The mass of tasks of an economic nature, planning problems, and even solving problems from other spheres of human life is associated with variables related to integers. As a result of their analysis and the search for optimal solutions, the concept of an extreme problem appeared. Its features are the above feature to take an integer value, and the task itself is considered in mathematics as integer programming.
The main direction of using tasks with variables taking integer values ββis optimization. A method that uses integer linear programming is also called a clipping method.
The Gomori method got its name from the mathematician who first developed the algorithm in 1957-1958, which is still widely used to solve integer linear programming problems. The canonical form of the integer programming problem allows us to fully and fully reveal the advantages of this method.
The Gomori method as applied to linear programming greatly complicates the task of finding the optimal values. Indeed, integerity is the main condition, in addition to all parameters of the problem. There are frequent cases when a problem, having admissible (integer) plans, if the objective functions have restrictions on an admissible set, does not reach the maximum in the solution. This is due to the absence of integer solutions. Without this condition, as a rule, a suitable vector is found in the form of a solution.
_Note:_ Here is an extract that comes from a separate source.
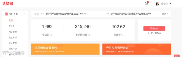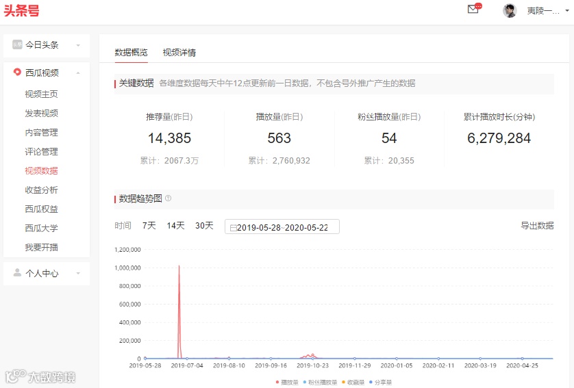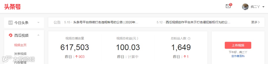 成绩:累计收入:3068.69元;粉丝数:23,120;累计阅读量:1332.9万;西瓜视频总播放量:2760932。

To substantiate numerical algorithms in solving problems, it becomes necessary to impose various additional conditions.
Using the Gomori method, one usually considers many problem plans to be limited by the so-called polyhedron of solutions. Based on this it follows that the set of all integer plans for the task has a finite value.
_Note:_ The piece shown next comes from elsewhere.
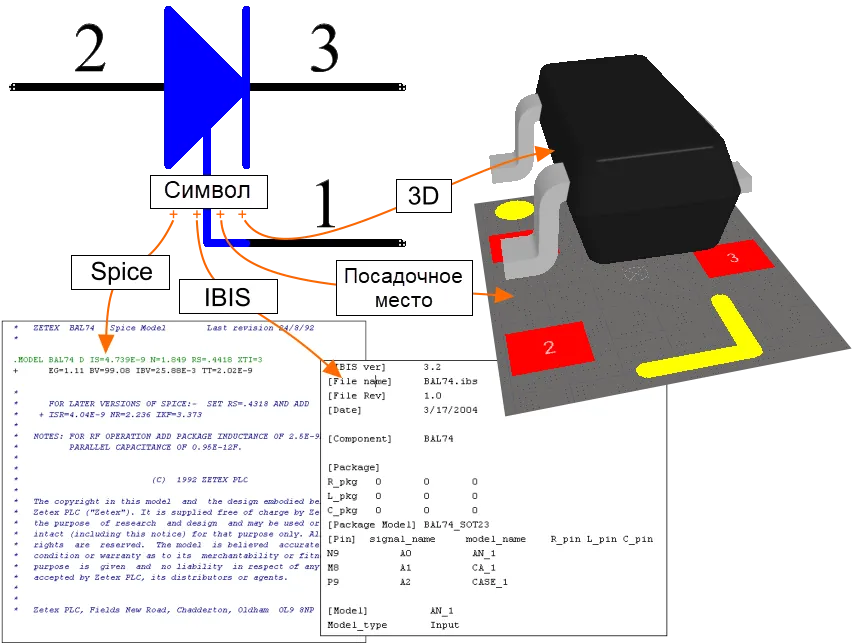 Схемный символ ссылается на прочие модели для полного описания компонента для каждой области проектирования. 3D-модель фактически размещается в посадочном месте – подробнее об этом ниже.

Also, to guarantee the integrity of the function, it is assumed that the coefficients of the values ββare also integers. Despite the severity of such conditions, it is possible to relax them a little.
The Gomori method, in essence, involves constructing constraints that cut off solutions that are not integer-valued. At the same time, no solutions of the integer plan are cut off.
The algorithm for solving the problem includes finding suitable options by the simplex method, without taking into account the integer conditions. If in all components of the optimal plan there are solutions related to integers, then we can assume that the goal of integer programming is achieved. It is possible that an unsolvability of the problem is discovered, so we get proof that the integer-programming problem has no solution.
It is possible that non-integer numbers are present in the components of the optimal solution. In this case, a new constraint is added to all the constraints of the task. A new limitation is characterized by the presence of a number of properties. First of all, it must be linear, must cut off an integer-free plan from the found optimal set. No integer solution should be lost, truncated.
When constructing constraints, one should choose the component of the optimal plan with the largest fractional part. This restriction will be added to the existing simplex table.
We find a solution to the problem using ordinary simplex transformations. We check the solution of the problem for the existence of an integer optimal plan, if the condition is satisfied, then the problem is solved. If again a result was obtained with the presence of non-integer solutions, then we introduce an additional restriction and repeat the calculation process.
Having completed a finite number of iterations, we obtain the optimal plan for the problem posed to integer programming, or we prove the unsolvability of the problem.